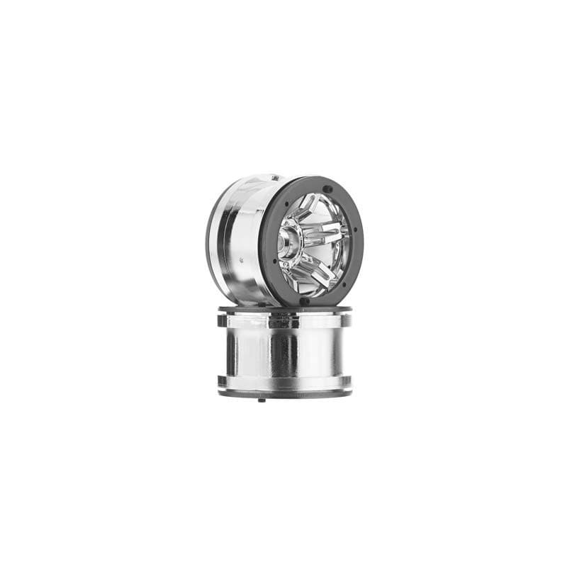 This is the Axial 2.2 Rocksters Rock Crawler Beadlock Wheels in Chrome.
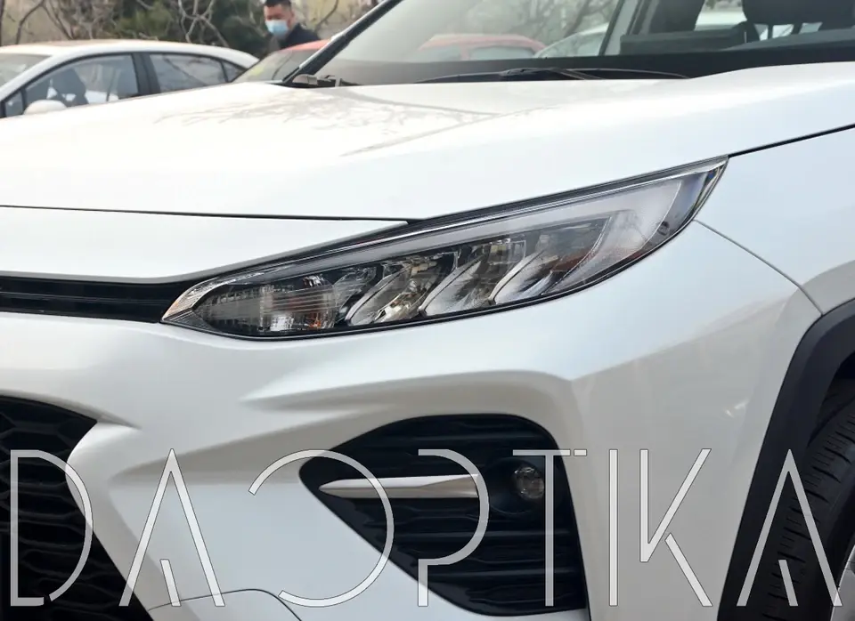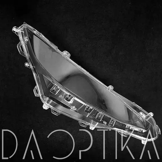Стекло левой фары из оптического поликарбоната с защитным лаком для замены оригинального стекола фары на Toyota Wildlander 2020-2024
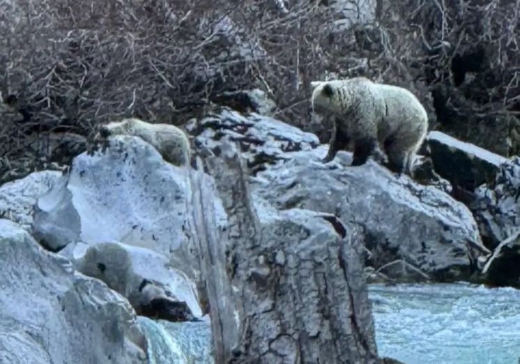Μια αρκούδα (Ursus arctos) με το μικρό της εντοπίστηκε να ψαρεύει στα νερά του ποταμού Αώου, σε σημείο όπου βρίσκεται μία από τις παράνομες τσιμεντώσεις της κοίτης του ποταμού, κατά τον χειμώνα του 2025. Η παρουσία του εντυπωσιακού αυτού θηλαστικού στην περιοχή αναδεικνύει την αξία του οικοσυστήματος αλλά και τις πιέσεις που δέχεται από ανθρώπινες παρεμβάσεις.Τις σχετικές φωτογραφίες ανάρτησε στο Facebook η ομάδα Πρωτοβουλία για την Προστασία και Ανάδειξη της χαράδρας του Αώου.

What you should do: Print the data again word for word, pictures excluded.

Solution to the exercise:
 This is the Axial 2.2 Rocksters Rock Crawler Beadlock Wheels in Chrome.
Стекло левой фары из оптического поликарбоната с защитным лаком для замены оригинального стекола фары на Toyota Wildlander 2020-2024
Μια αρκούδα (Ursus arctos) με το μικρό της εντοπίστηκε να ψαρεύει στα νερά του ποταμού Αώου, σε σημείο όπου βρίσκεται μία από τις παράνομες τσιμεντώσεις της κοίτης του ποταμού, κατά τον χειμώνα του 2025. Η παρουσία του εντυπωσιακού αυτού θηλαστικού στην περιοχή αναδεικνύει την αξία του οικοσυστήματος αλλά και τις πιέσεις που δέχεται από ανθρώπινες παρεμβάσεις.Τις σχετικές φωτογραφίες ανάρτησε στο Facebook η ομάδα Πρωτοβουλία για την Προστασία και Ανάδειξη της χαράδρας του Αώου.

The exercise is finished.